This month, one of Scotland’s leading commercial galleries, the Fine Art Society in Dundas Street, reintroduces two artists who have made, in very different ways, a significant impact in the past.

The works of Edwin Lucas had been in storage for over sixty years until they were discovered by a curator at the Scottish National Gallery of Modern Art last year, a decade after his death. The first show attracted headlines in the national press and this is the sequel. Lucas is an enigmatic figure, as Patrick Elliott has said: “He’s got nothing in common with anyone painting in Scotland at the time”.

Largely self-taught as an artist and working in the 1930s and 40s, his subjects range from portraits and outdoor landscapes to abstract fusions of shapes and forms.

What comes through the paintings is his passion for the surrealist style and a kind of escapism, his vibrant colours and intricate brushwork take the viewer into another dimension. Little wonder that he now hangs in the SNGMA with surrealist masterpieces by the likes of Picasso and Miro.

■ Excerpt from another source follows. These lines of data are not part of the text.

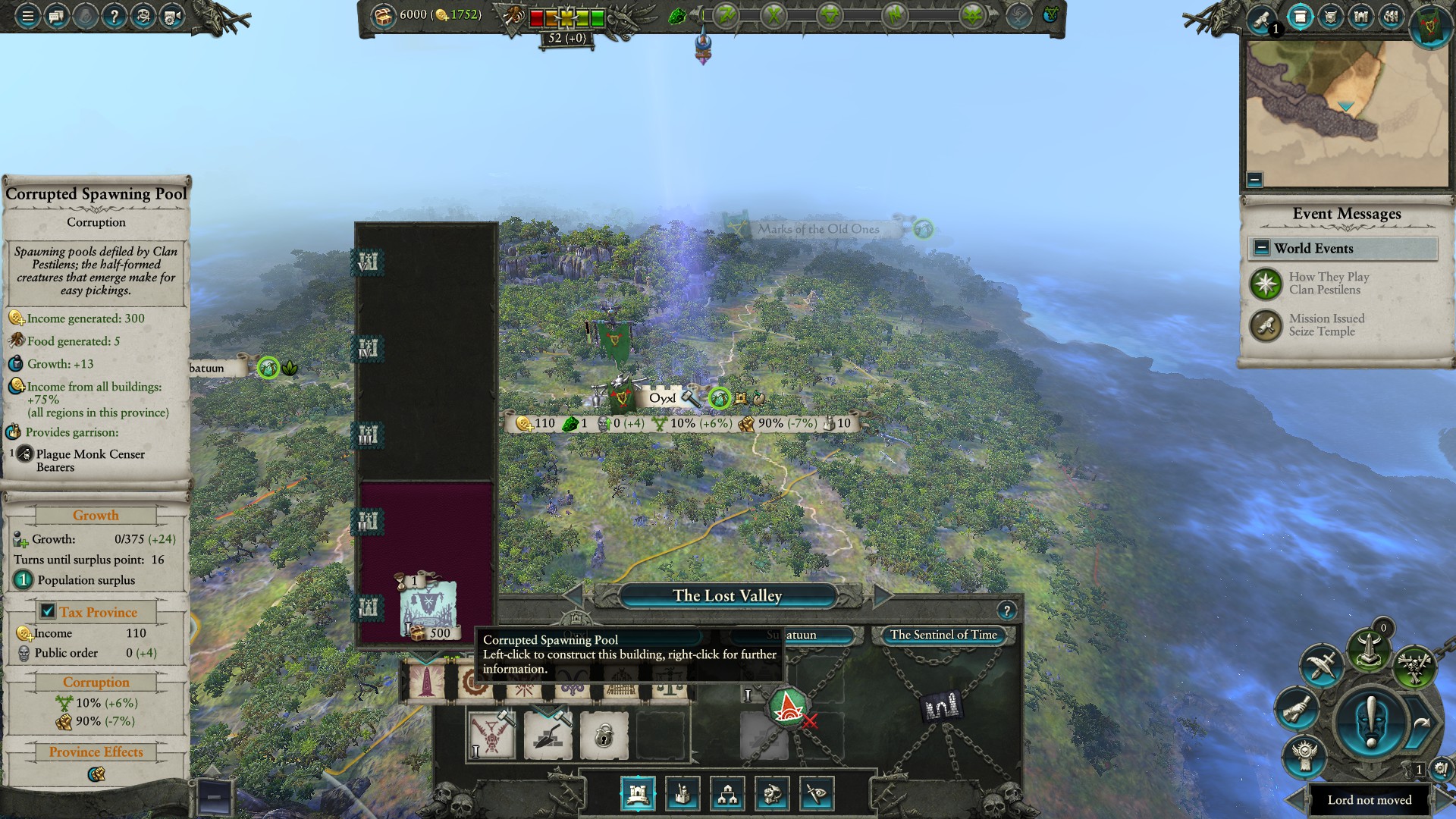 Sometimes settlements have special buildings that can be built only at that location. The Corrupted Spawning Pool is one such that Clan Pestilens has access to at Oyxl in the Lost Valley province. With it Oyxl will gain a garrison of Plague Monks, powerful melee infantry of the Skaven. With them there protecting the settlement, we are able to move further South safely.
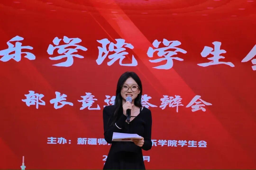 为深入学习贯彻习近平新时代中国特色社会主义思想和党的二十届三中全会精神,贯彻落实《中华全国学生联合会章程》和《新疆维吾尔自治区学生联合会章程》要求,充分发挥学生的主体作用,及时有效地为学生干部队伍补充新生力量,进一步加强学生干部队伍建设,音乐学院分团委学生会于2025年9月12日顺利召开学生会部长竞选答辩会”。本次担任评委的有音乐学院分团委书记何伟老师,音乐学院分团委学生会执行主席张昱婷,分团委学生兼职副书记程千秋、郑冉,分团委学生会主席团成员周武德。
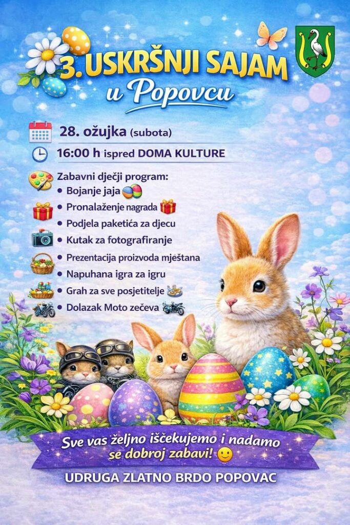 Udruga Zlatno Brdo iz Popovca organizira 3. Uskršnji sajam koji će se održati u subotu 28. ožujka 2026. godine s početkom u 16 sati ispred Doma kulture.
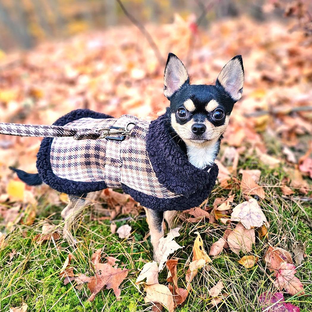 Home > Sherpa-Lined Dog Harness Coat - Brown & White Plaid
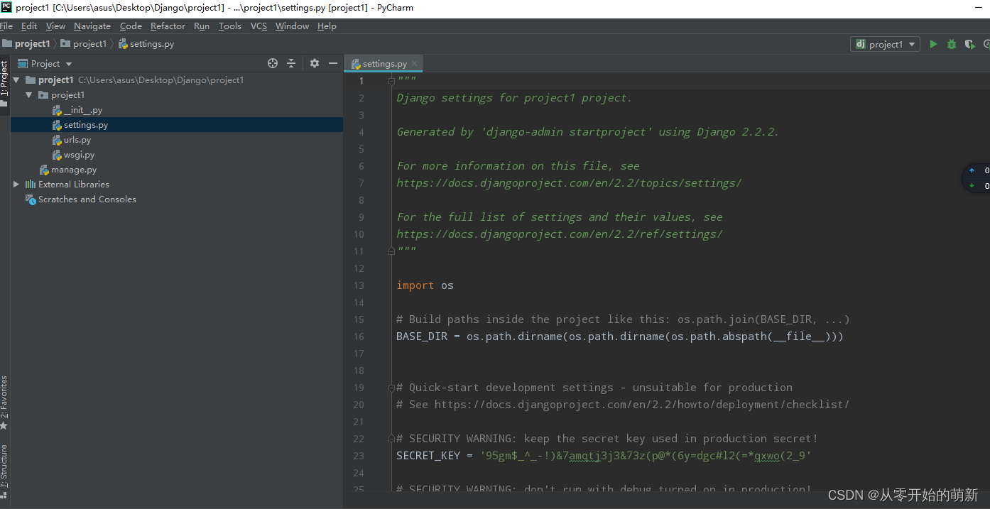 进入pycharm以后我们可以先了解一下 settings.py 里面的文件

In the upstairs gallery are the stone carvings of British sculptor, Emily Young, who first showed at the Fine Art Society in London in 1997 where she achieved almost instant success.

Her primary objective is to bring the natural beauty and energy of her stone to the fore. Out of the stone emerge ancient, symbolic heads, as if discovered within the stone – almost an archeological exercise, rediscovered totems from ancient Egypt perhaps. Each sculpture, dotted around the room on separate plinths, has a unique character due to each stone’s geological history and geographical source.

There is something incredibly human and truthful about them. She is trying to get the medium of her artwork to speak out. Young is preoccupied with the troubled relationship modern society has with its planet and she uses these powerful stone heads to encourage her viewers to reflect on this. Her sculptures are just as alive as Lucas’ paintings downstairs, but quieter and more reflective.

There is a clear purpose behind her work: she encourages us to reflect on our relationship with the past, and with nature. The open space, and natural light pouring through the big windows of the upstairs gallery space, helps to create this meditative space.

Taken together, these exhibitions provide a moving experience: Lucas’ paintings literally excavated from the past, Young’s sculpture apparently so.